* WHAT IS REQUIRED *
Only one stretch of lines is wanted: the line with "구찌 시그니처 스네이크" through the final line of the material. Restate it word for word, minus pictures.

◆ ◆ ◆ ◆ ◆

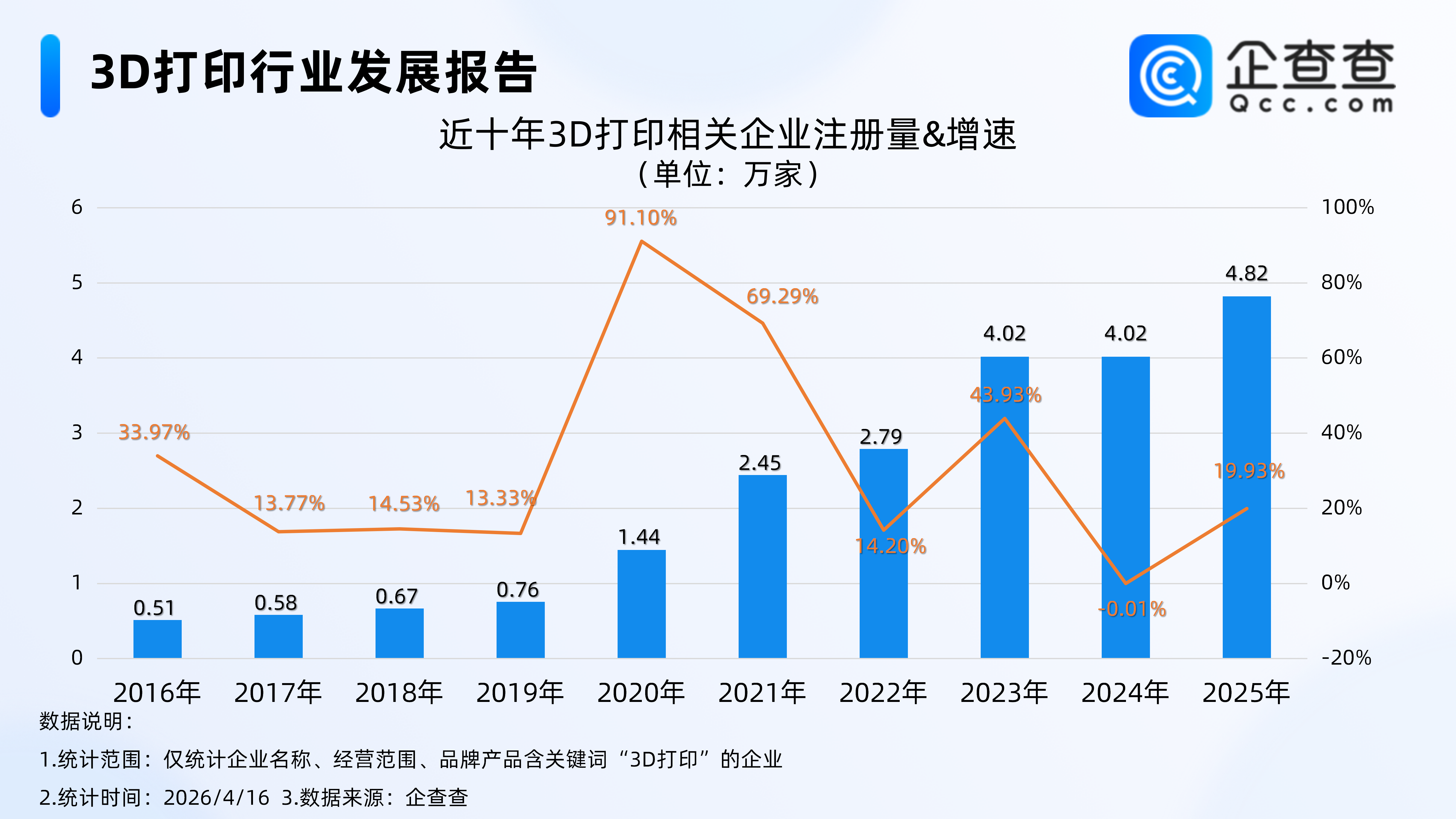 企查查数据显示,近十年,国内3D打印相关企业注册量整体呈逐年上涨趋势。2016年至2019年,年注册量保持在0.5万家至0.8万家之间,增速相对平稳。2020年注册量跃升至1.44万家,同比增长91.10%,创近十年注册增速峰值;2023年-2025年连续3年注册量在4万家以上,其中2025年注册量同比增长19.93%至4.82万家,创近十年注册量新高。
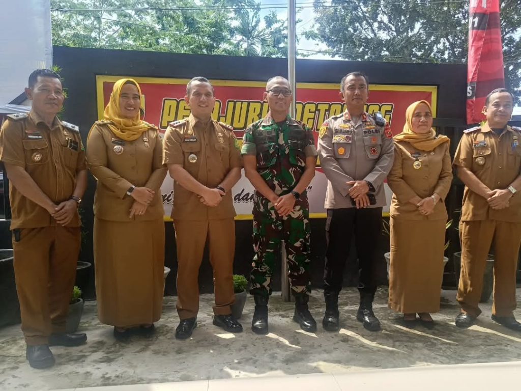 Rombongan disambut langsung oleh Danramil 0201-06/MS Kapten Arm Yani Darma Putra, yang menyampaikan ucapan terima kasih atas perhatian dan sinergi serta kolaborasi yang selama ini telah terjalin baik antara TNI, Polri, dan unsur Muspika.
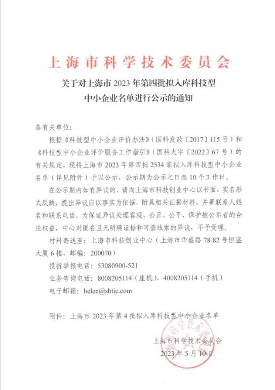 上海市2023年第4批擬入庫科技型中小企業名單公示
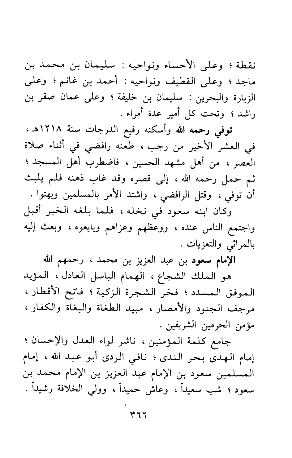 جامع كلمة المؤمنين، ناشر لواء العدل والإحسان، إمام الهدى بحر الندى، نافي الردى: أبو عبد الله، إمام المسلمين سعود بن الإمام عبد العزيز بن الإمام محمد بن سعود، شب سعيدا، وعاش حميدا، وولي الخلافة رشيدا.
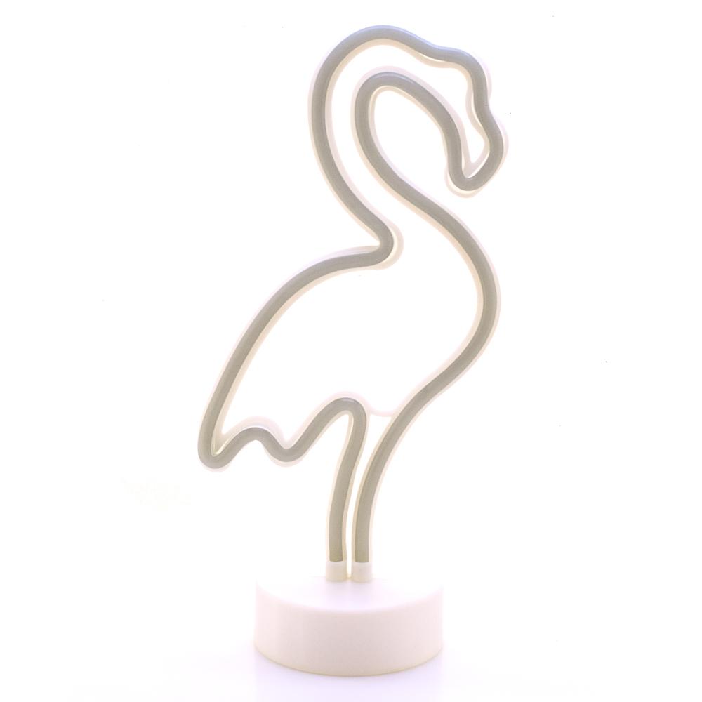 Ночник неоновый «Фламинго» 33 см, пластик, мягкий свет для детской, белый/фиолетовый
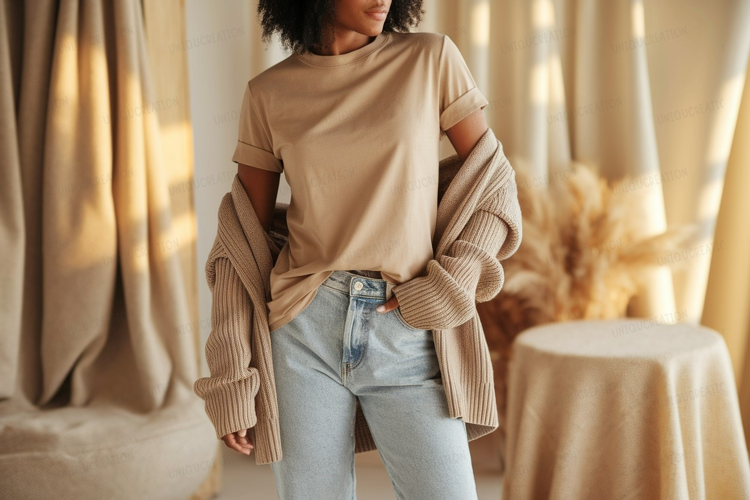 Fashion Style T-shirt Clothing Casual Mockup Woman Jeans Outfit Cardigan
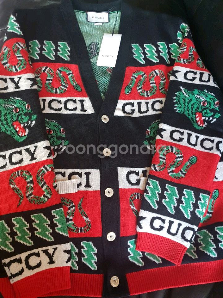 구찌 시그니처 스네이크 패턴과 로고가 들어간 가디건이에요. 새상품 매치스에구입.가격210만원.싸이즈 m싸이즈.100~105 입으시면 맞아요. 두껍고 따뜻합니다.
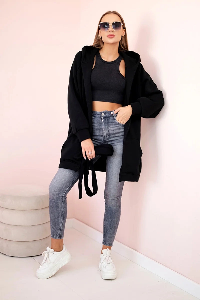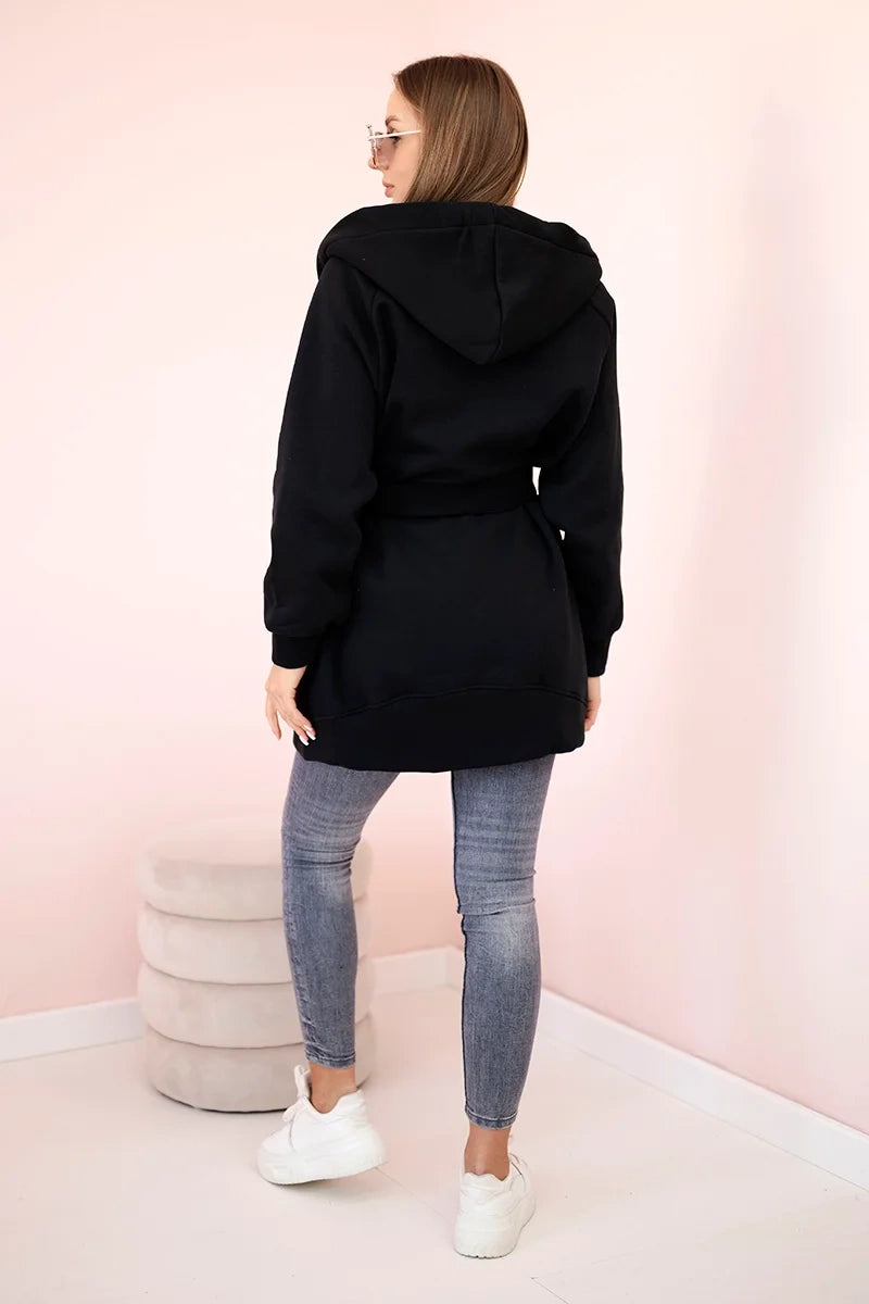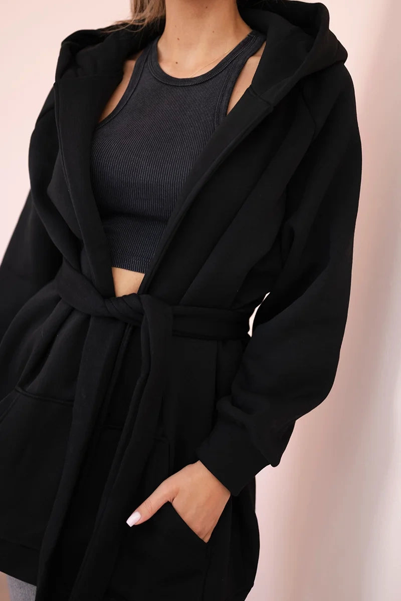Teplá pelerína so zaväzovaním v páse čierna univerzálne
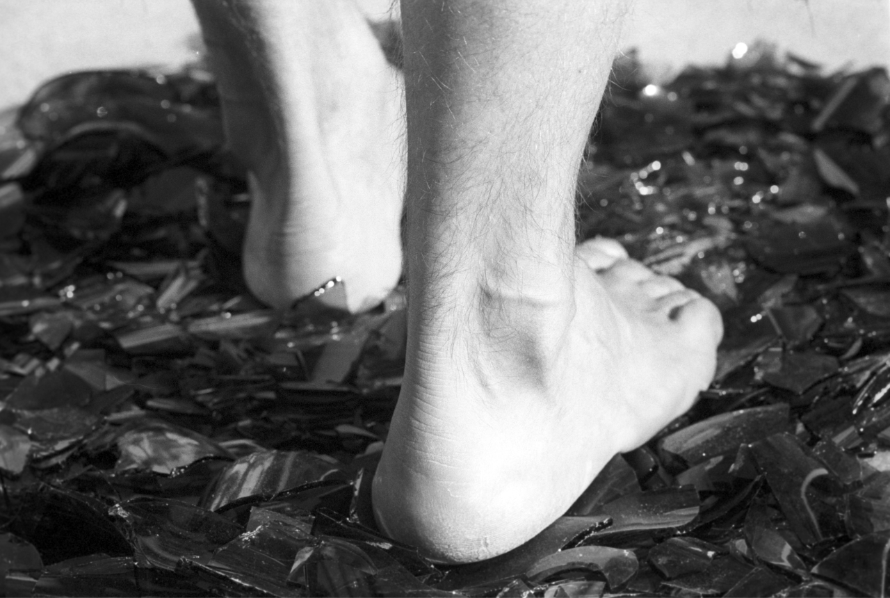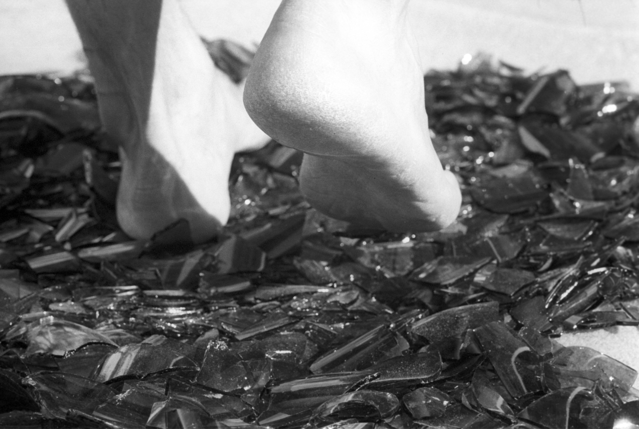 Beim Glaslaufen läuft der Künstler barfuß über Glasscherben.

◆ ◆ ◆ ◆ ◆

* ANSWER TO THIS PROBLEM *
 구찌 시그니처 스네이크 패턴과 로고가 들어간 가디건이에요. 새상품 매치스에구입.가격210만원.싸이즈 m싸이즈.100~105 입으시면 맞아요. 두껍고 따뜻합니다.
Teplá pelerína so zaväzovaním v páse čierna univerzálne
 Beim Glaslaufen läuft der Künstler barfuß über Glasscherben.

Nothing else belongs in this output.